En un movimiento que refuerza el eje geopolítico frente a Washington, Rusia y China defienden a Venezuela y Cuba, según lo han dado a conocer los presidentes Vladímir Putin y Xi Jinping, quienes también han reafirmado su compromiso de mantener y profundizar la cooperación estratégica con los dos países.
A través de una videoconferencia, ambos líderes han enviado un mensaje de unidad en apoyo a sus aliados caribeños y sudamericanos, desafiando las crecientes sanciones y presiones diplomáticas impuestas por la administración estadounidense.
La postura de los mandatarios ha sido confirmada por el asesor presidencial ruso, Yuri Ushakov, quien ha detallado que durante el encuentro se analizaron de cerca los enfoques compartidos sobre la crisis en la región latinoamericana.

Según Ushakov, los líderes han abogado por preservar el nivel de cooperación alcanzado hasta ahora, a pesar de lo que calificaron como una “difícil situación” derivada de las acciones externas contra Caracas y La Habana.
Síguenos a través de nuestro Facebook: HCH Televisión Digital
El respaldo llega en un momento crítico, especialmente para Venezuela, tras la reciente detención del líder Nicolás Maduro y su esposa a principios de año por parte de fuerzas vinculadas a los intereses de Estados Unidos; evento que sucedió hace un mes.
Rusia y China han sido categóricos al rechazar estas acciones, calificándolas de injerencia directa y reafirmando la legitimidad de sus lazos económicos y militares con el país sudamericano.
En cuanto a Cuba, la alianza ruso-china ha condenado nuevamente el embargo comercial de más de seis décadas. Sin embargo, el énfasis de la reunión estuvo en las nuevas restricciones impuestas recientemente por Washington, las cuales buscan bloquear de manera efectiva los suministros de crudo a la isla, una medida que amenaza con agravar la crisis energética en el territorio cubano.
De por sí, durante el último tiempo, la isla ha atravesado una crisis energética y ahora puede empeorar ante la falta de petróleo.
Además del panorama latinoamericano, la agenda de Putin y Xi ha incluido una revisión de la tensa situación en Irán.
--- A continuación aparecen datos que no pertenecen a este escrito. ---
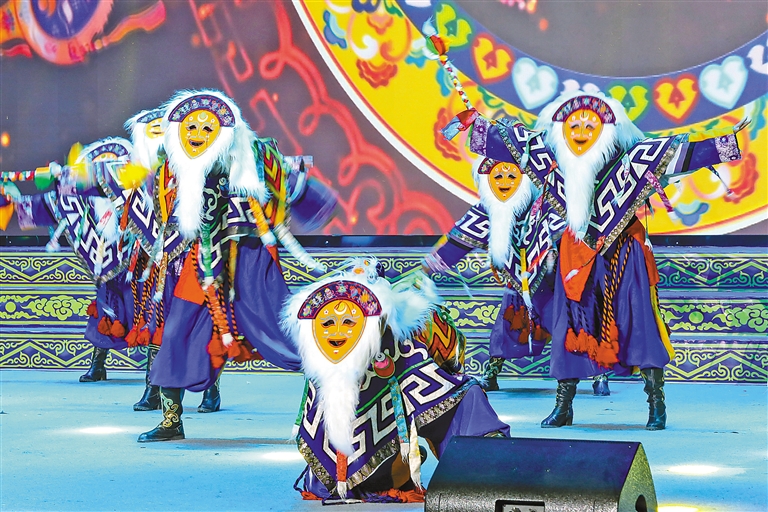洛紮縣組織縣藝術團、農(nong) 牧民表演隊等精心舉(ju) 辦“大地歡歌 美麗(li) 洛紮”村晚。圖為(wei) 村晚上的藏戲表演。
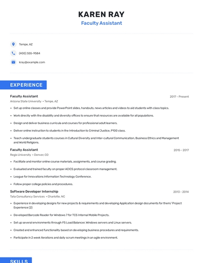 Build a professional faculty assistant resume in minutes. Browse through our resume examples to identify the best way to word your resume. Then choose from 5+ resume templates to create your faculty assistant resume.
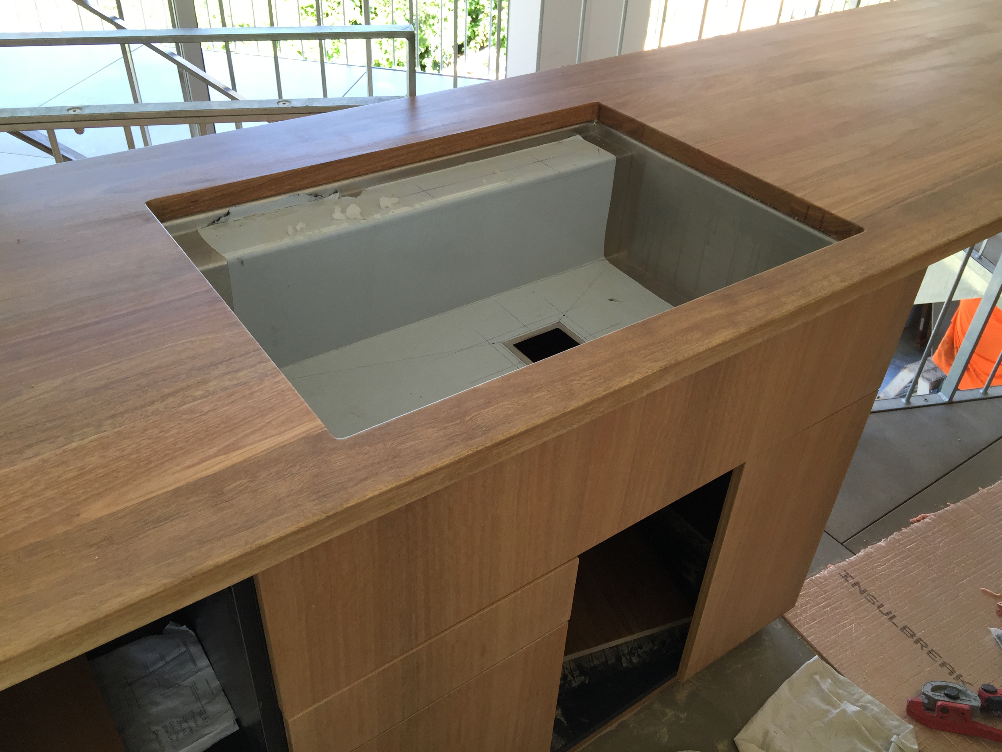 The inset sink, was a question for me. I chose a big one. My rationale was all about maintaining clutter free surfaces. So a big sink with everything below the level of the bench top would give me somewhere to hide the dishes. There is no dishwasher to perform this stowaway function, so if the dishes had to be stashed somewhere during dinner parties, it had to be in this sink. But what would this huge sink look like in such a small house? I wondered all the way up until its installation.
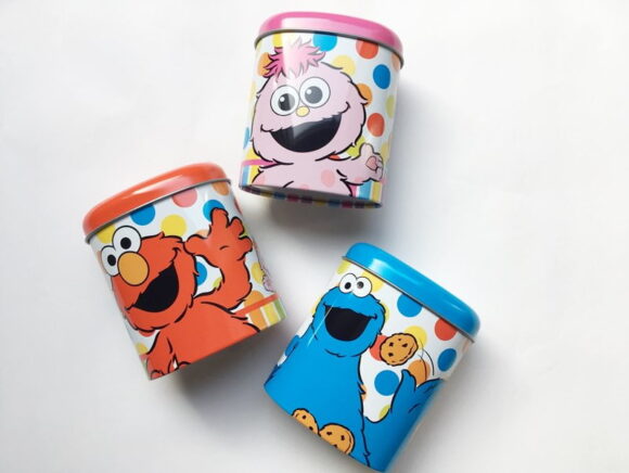 カラフルで賑やかなデザインの箱の中には、エルモ、モッピー、クッキーモンスターの3つの缶が入っています。

El mandatario ruso ha compartido detalles sobre su reciente reunión en el Kremlin con Alí Larijani, secretario del Consejo Supremo de Seguridad Nacional de Irán, subrayando que Teherán también forma parte del frente de naciones bajo presión militar y económica por parte del gobierno de Donald Trump.

Por otra parte, ambas potencias aprovecharon el encuentro para criticar el despliegue de fuerzas navales estadounidenses en aguas cercanas a Irán.
Para Moscú y Pekín, estas maniobras, sumadas a la retórica de amenazas nucleares, representan una desestabilización deliberada del orden internacional por parte del gobierno estadounidense, que obliga a una respuesta coordinada entre las naciones aliadas.
Quizás te interese leer: Donald Trump advierte el colapso inminente de Cuba tras el corte del suministro petrolero venezolano
La consolidación de este frente diplomático busca servir como contrapeso a la política exterior de la Casa Blanca, que desde hace mucho tiempo, y ahora no es la excepción, ha declarado a Cuba un peligro para su seguridad nacional y ha intensificado la vigilancia sobre los movimientos financieros de Rusia y China en el hemisferio occidental.
Con este respaldo, Putin y Xi aseguran su presencia en una zona de influencia clave para Estados Unidos.
La reunión ha concluido con la promesa de continuar monitoreando la situación y actuar como garantes de la estabilidad para sus socios.
El mensaje ha sido claro, respecto a que ni la captura de líderes, como el caso de Nicolás Maduro, ni los bloqueos energéticos que está haciendo Estados Unidos bajo las ordenes de Donald Trump, debilitarán los acuerdos de defensa y economía que vinculan a las dos potencias con los gobiernos de Venezuela y Cuba.